#### [What you have to do]
Only the text belongs in the copy. Transcribe the data exactly and drop any pictures.

#### [Given material]

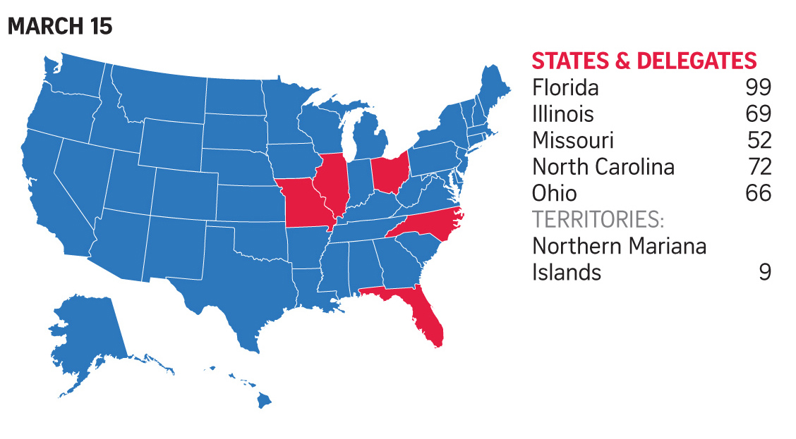 March 15 is the first date for winner-take-all contests, and all the 156 delegates in Florida and Ohio, the nation’s third and seventh most populous states, will be awarded to the candidate who wins the most votes statewide. In addition, it’s possible that all or nearly all of the 69 delegates from Illinois, the nation’s fifth most populous state, will go to one candidate. So it’s possible for a candidate who wins all three states to jump to a wide lead in delegates.
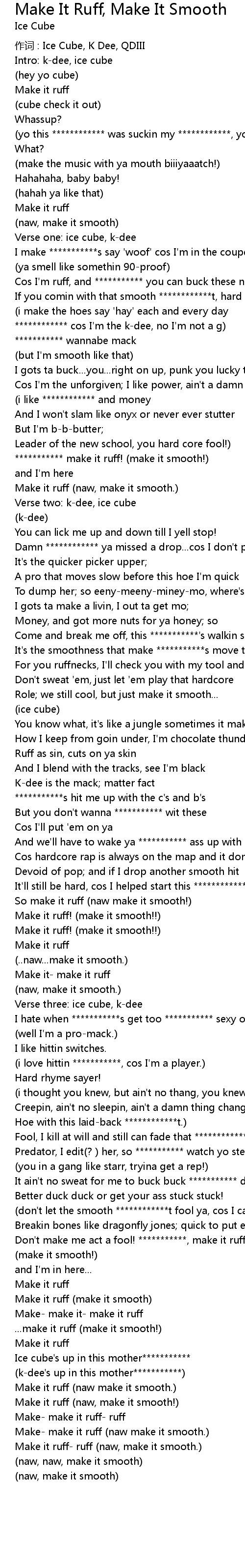 | (don't let the smooth ************t fool ya, cos I can get it on; cos I be | |
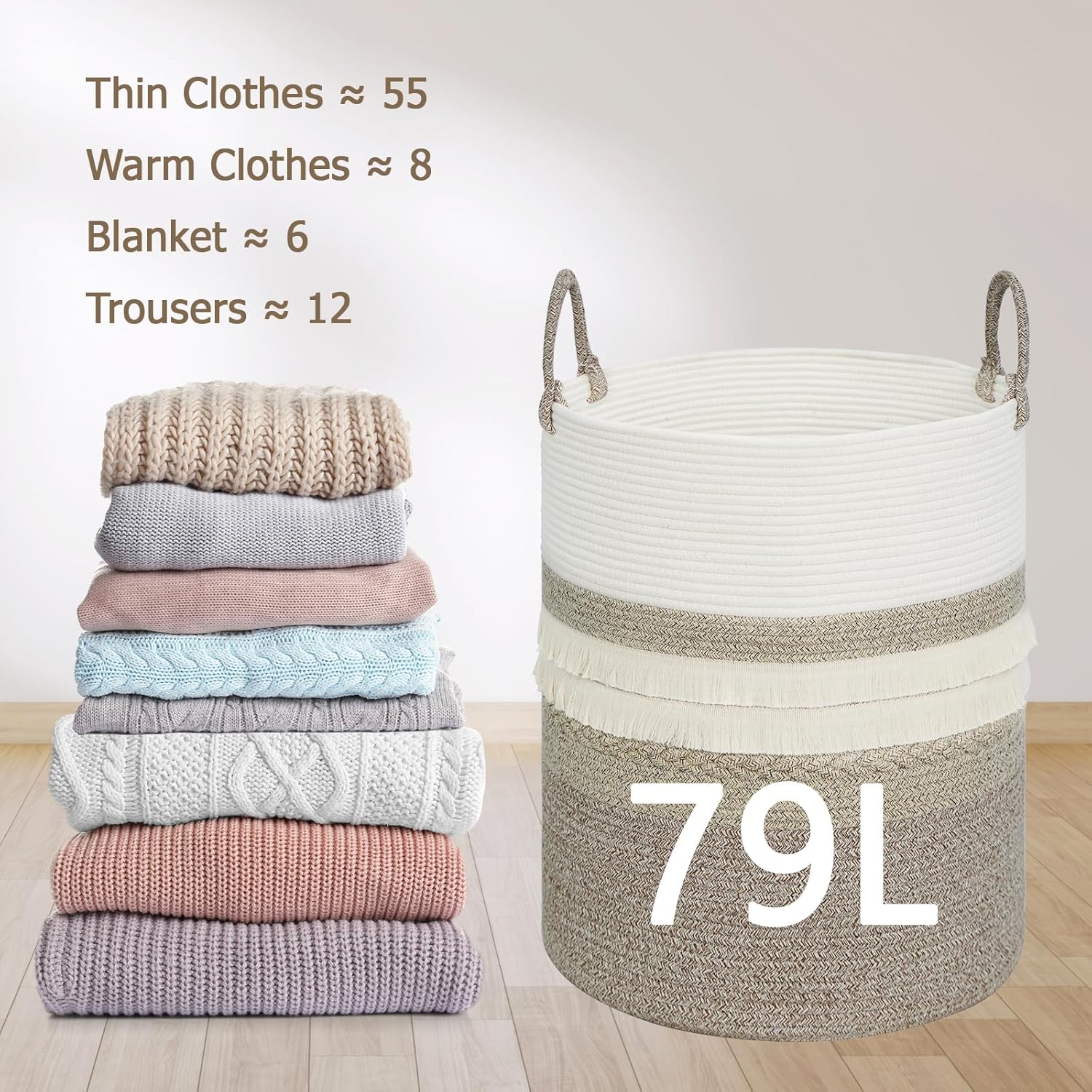 - Versatile Storage Solution: This tall woven cotton storage basket isn’t just for laundry! It’s the perfect blanket basket, toy organizer, or even a decorative piece in your living room. Whatever your needs, this large, multi-functional basket brings both style and practicality into your space

#### [Result below]
 March 15 is the first date for winner-take-all contests, and all the 156 delegates in Florida and Ohio, the nation’s third and seventh most populous states, will be awarded to the candidate who wins the most votes statewide. In addition, it’s possible that all or nearly all of the 69 delegates from Illinois, the nation’s fifth most populous state, will go to one candidate. So it’s possible for a candidate who wins all three states to jump to a wide lead in delegates.
 | (don't let the smooth ************t fool ya, cos I can get it on; cos I be | |
 - Versatile Storage Solution: This tall woven cotton storage basket isn’t just for laundry! It’s the perfect blanket basket, toy organizer, or even a decorative piece in your living room. Whatever your needs, this large, multi-functional basket brings both style and practicality into your space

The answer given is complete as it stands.